# Carrier Model # FB4ANF048



## djones4506 (Feb 7, 2010)

Good Afternoon.

I am experiencing problems with my heater and A/C.  I believe it has to do with the fan.

I turned on the heat this morning.  After several minutes, I realized nothing was happening.  I went to thermostat, and set temp higher.  Light blinked "Heat On".  I looked up the thermostat info, and that meant the thermostat was sending a signal to the unit.  However, nothing was happening.  I tried turning on just the fan, nothing also.  I then tried A/C.  Still nothing.  
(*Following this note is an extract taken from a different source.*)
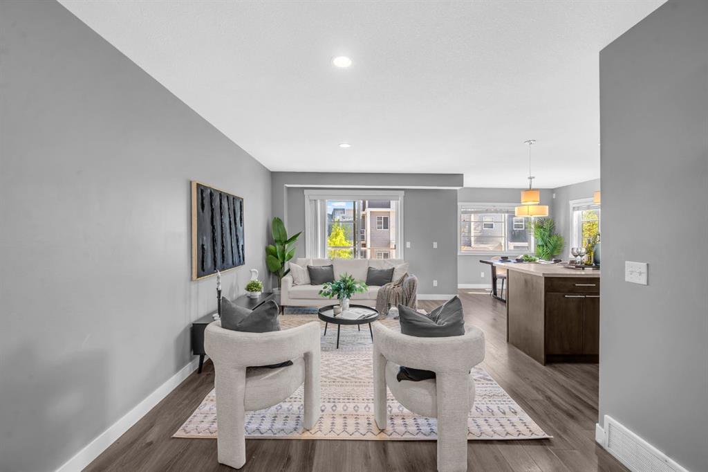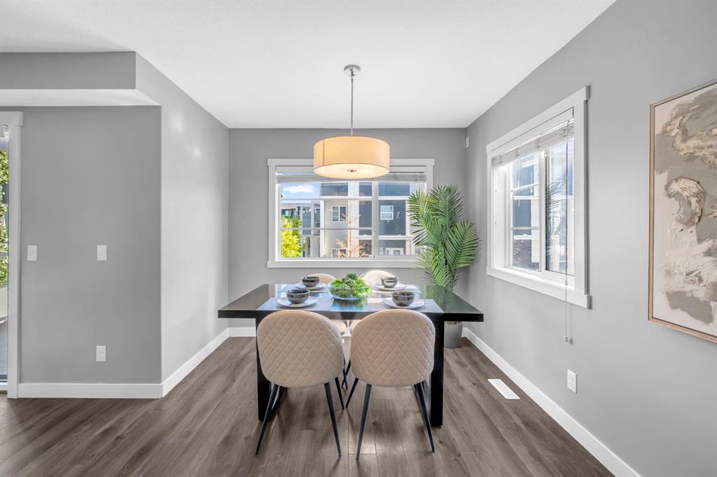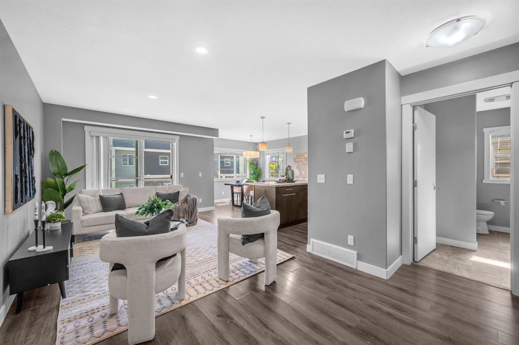 OPEN HOUSE NOV 2 12-2pm | Welcome to this beautifully maintained CORNER unit offering exceptional space and convenience in Redstone. Featuring 4 spacious bedrooms and 2.5 bathrooms, this home is perfect for families or anyone seeking extra room to grow. The bright, open layout is FRESHLY PAINTED and PROFESSIONALLY CLEANED, providing a true move-in ready experience. The main floor consists of a large foyer with access to the garage and bedroom. The second floor features a bright, open layout living area featuring a beautiful kitchen with upgraded stainless steel appliances and island. The open layout of the kitchen, sizeable centre island, dining room and living room make it perfect for entertaining. The huge patio area easily fits a small patio set to sit and relax with a natural gas line hook up ready for your bbq. The upper floor features a huge master bedroom with a VAULTED CEILINGS, walk-in closet and attached ensuite. There are 2 more spacious bedrooms and a full bathroom on the top floor. Enjoy the convenience of an attached single garage plus full driveway, giving you ample parking and storage. With its corner location, this home also benefits from extra windows and natural light throughout. Located in a very quiet location across a park in a family oriented community of Redstone! This home is close to all amenities like bus stop, stores, mall, airport, bus stop, groceries and easy access to Stoney Trail and Deerfoot. Steps away from a new shopping plaza opening on Redstone Blvd!

Then, after a few minutes, I could hear a humming from the Carrier hallway unit.  Upon reading more on the thermostat, it says the thermostat will not allow unit to turn on within 5 minutes of being shut off, which is why I hadn't heard the humming 'til now.  It had apparently been humming earlier and I missed it.  I turned off the circuit breaker and opened the Carrier.  It was warm inside, which seemed to indicate that the heating elements are working.  I also looked at the 5 Amp fuse, and it too seemed fine.  I turned the circuits back on and identified the humming as coming from the fan motor.  I again turned off breakers.  Checked that fan blades turned freely in both directions.  Not sure what else I need to look at.

Furthermore.  I had a heating/ AC company in during January as the heating elements were blown and needed replacing.  Any chance this could be related?
If anyone has any ideas of what i could do myself, please advise.  I can't afford another bill if I can somehow rectify this myself.  

Sincerely

Daniel


----------



## kok328 (Feb 7, 2010)

Sounds like a bad fan motor capacitor or a bad fan motor.  Check to see if your getting proper voltage to the fan motor.


----------



## Wuzzat? (Feb 9, 2010)

If the fan motor runs after you give it a push it may be the capacitor.  $20 for the part.


----------



## kok328 (Feb 9, 2010)

Is there and echo in here?


----------



## Wuzzat? (Feb 9, 2010)

kok328 said:


> Is there and echo in here?


What's thatthatthat?


----------